TASK DETAILS =
The answer must be an exact transcription of the lines below from the first through the one containing "Generic - سلة", with the pictures left out; please add nothing else.

INPUT =
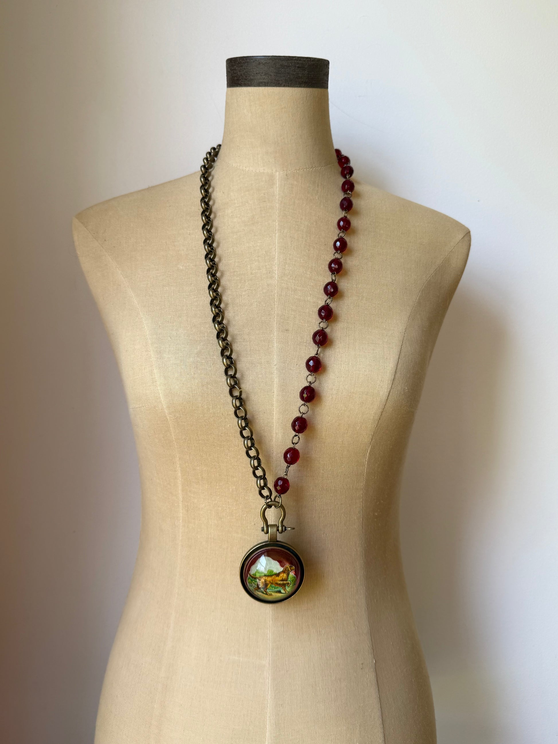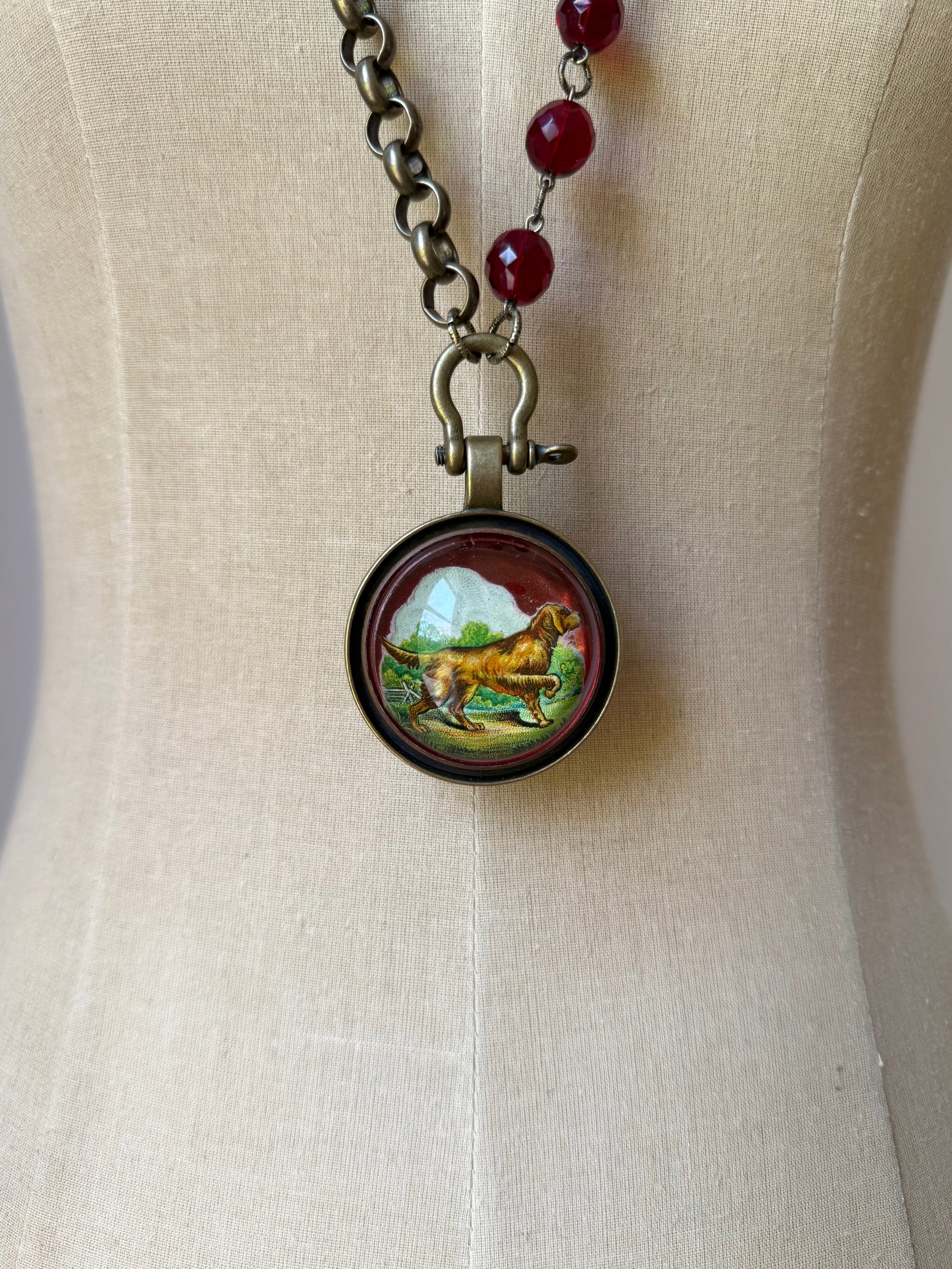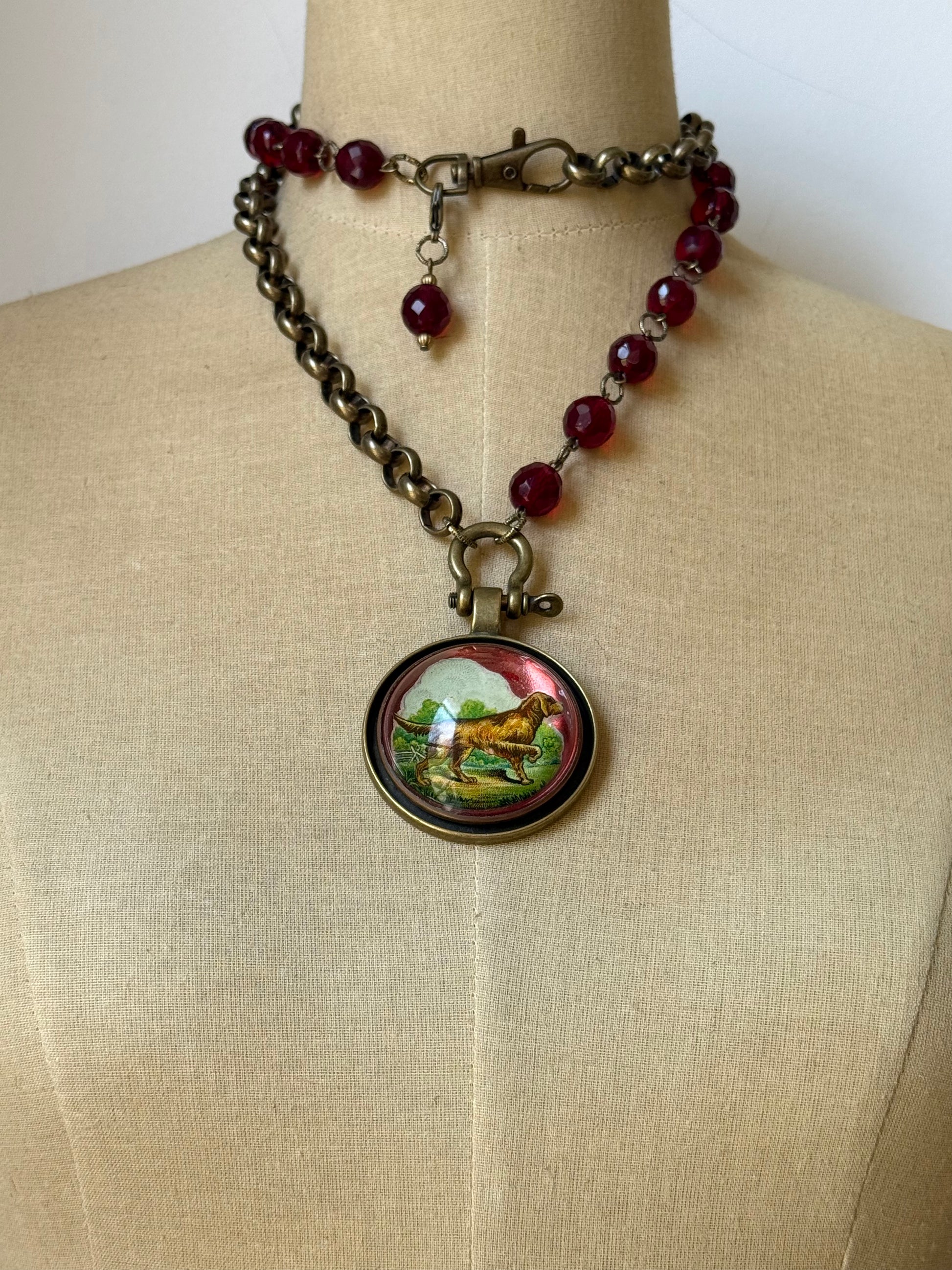 antique horse bridle rosette brooch with retriever hunting dog attached to handmade chain by a brass shackle clasp. Chain is made with large brass rolo chain and hand beaded vintage dark red vintage czech faceted glass beads.
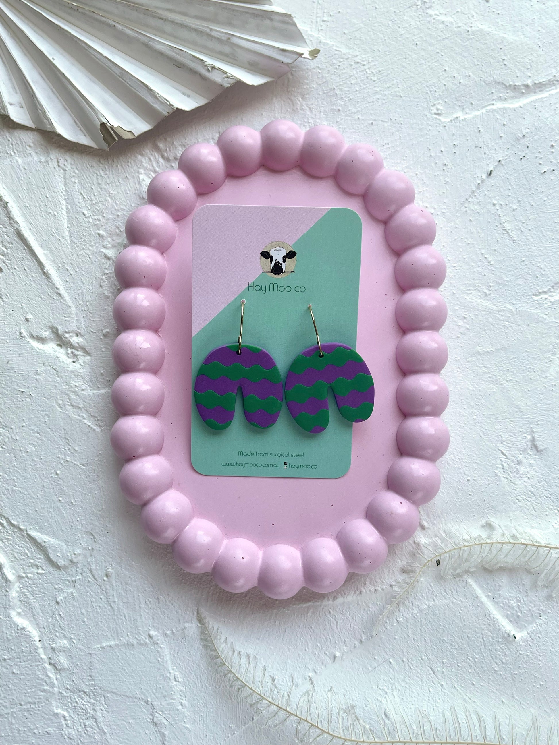 Handmade polymer clay earrings from the 'Plum Twist' range.
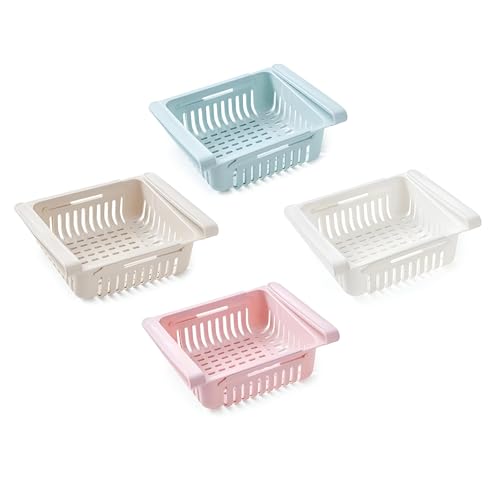 Generic - سلة تنظيم الثلاجة - رفوف مقسمة قابلة للتعديل لتنظيم وكفاءة رفوف المطبخ الصديقة للبيئة (4 قطع باللون الموضح)
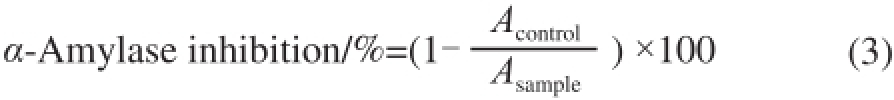 The hypoglycemic activity in vitro was evaluated by inhibition of α-amylase activity using enzyme-starch system [17]. A sample was mixed by stirring with 25 mL potato starch (4%) in a beaker, then 100 mg of α-amylase was added,stirred vigorously and incubated at 37 ℃ for 60 min. After the incubation period, 2 mL of 0.1 mol/L NaOH was added to terminate enzyme activity. The mixture was centrifuged at 3 000×g for 15 min and glucose content was measured in the supernatant. A control test was also run without the addition of test sample. Inhibition of α-amylase activity was calculated as equation (3):
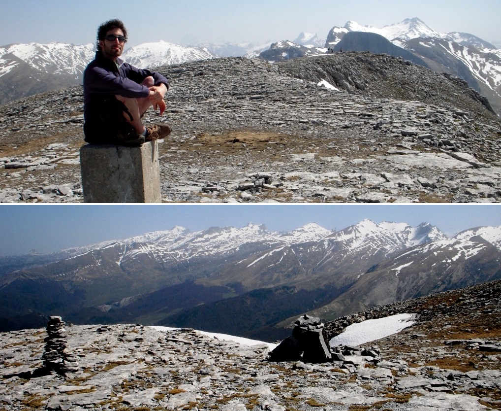 Diez minutos después estábamos ya en la cima, adornada por varios montones de hitos y por un vértice geodésico.
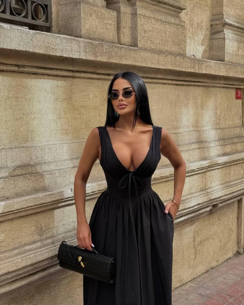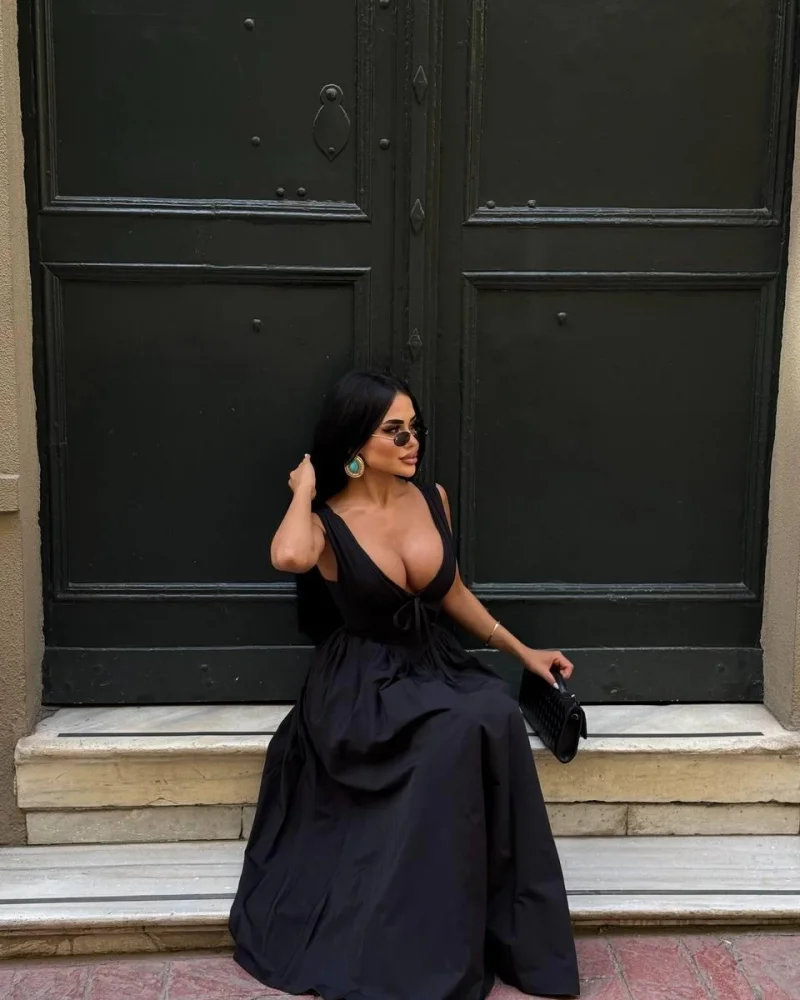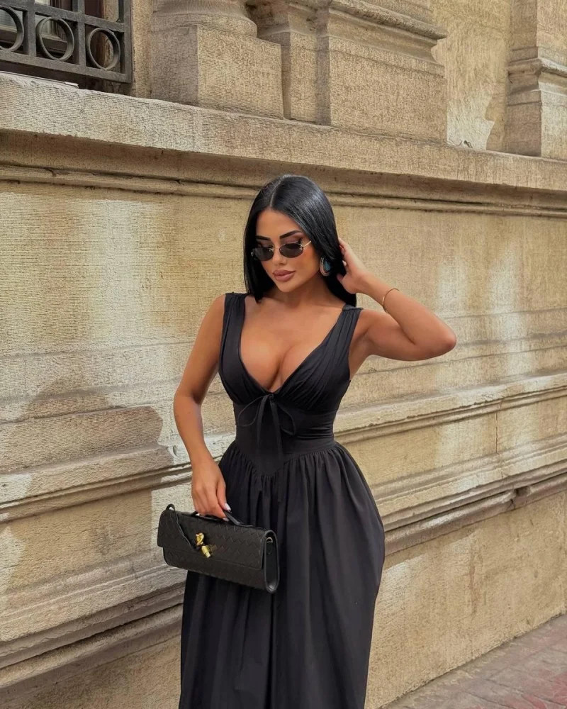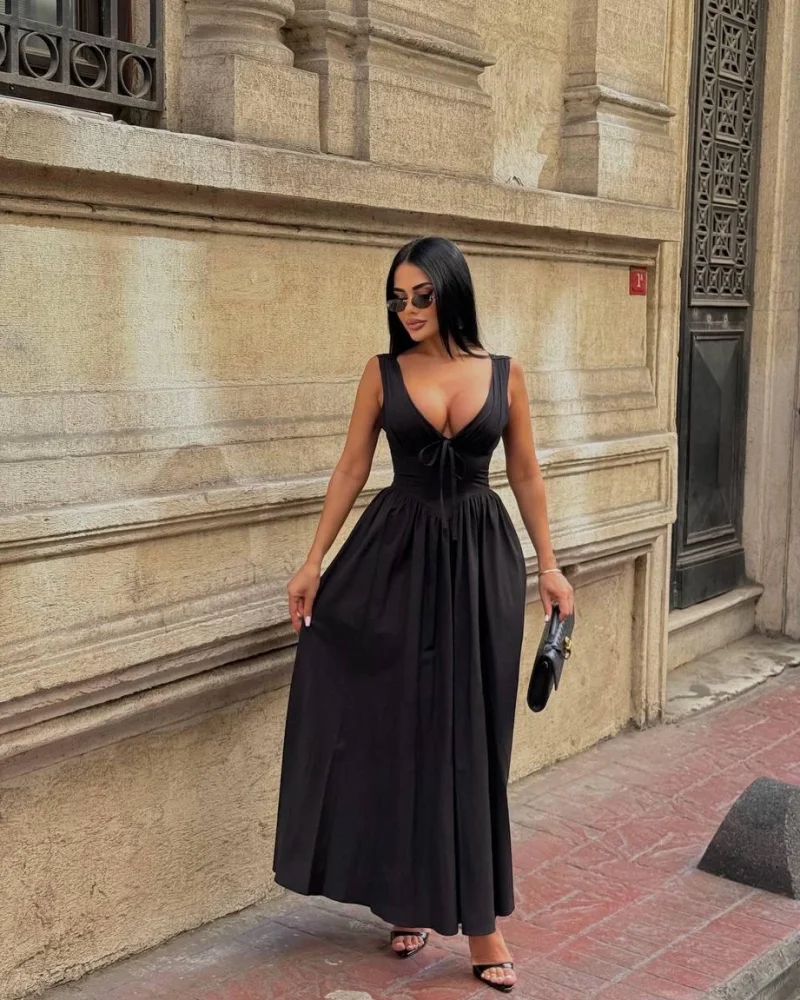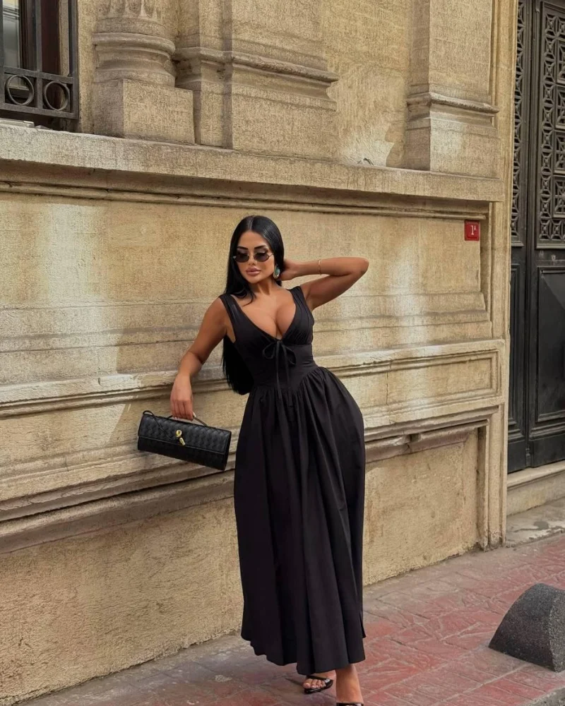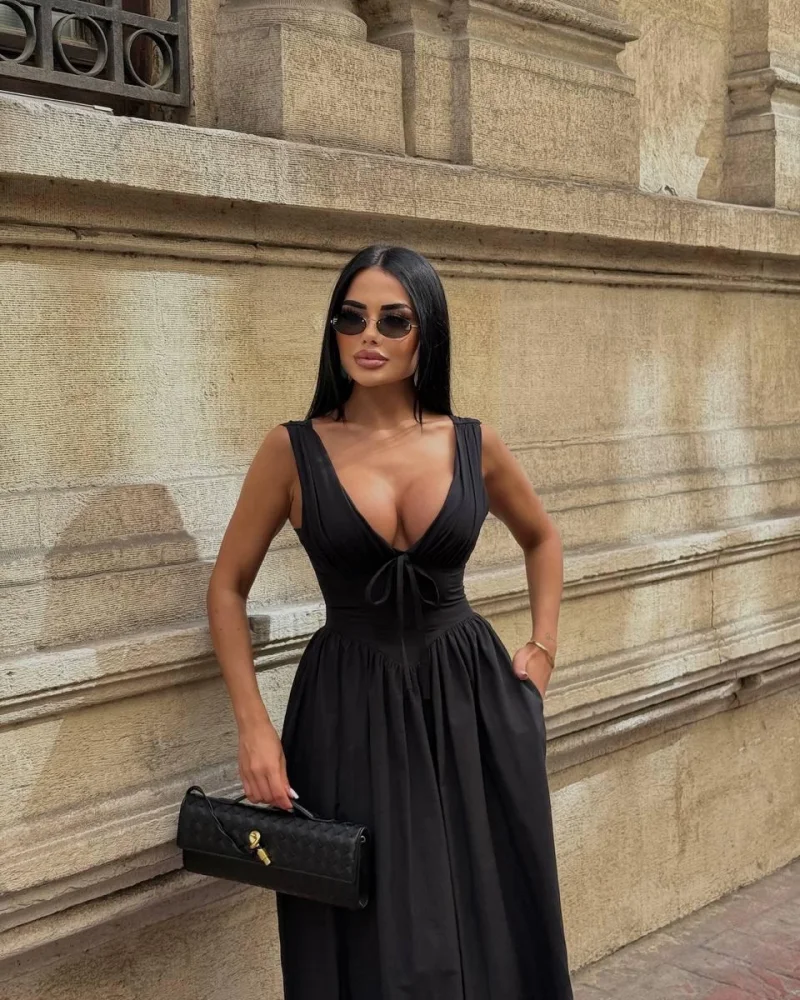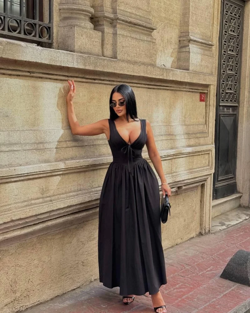 Sırt Bağlamalı Siyah Elbise

ANSWER AREA =
 antique horse bridle rosette brooch with retriever hunting dog attached to handmade chain by a brass shackle clasp. Chain is made with large brass rolo chain and hand beaded vintage dark red vintage czech faceted glass beads.
 Handmade polymer clay earrings from the 'Plum Twist' range.
 Generic - سلة تنظيم الثلاجة - رفوف مقسمة قابلة للتعديل لتنظيم وكفاءة رفوف المطبخ الصديقة للبيئة (4 قطع باللون الموضح)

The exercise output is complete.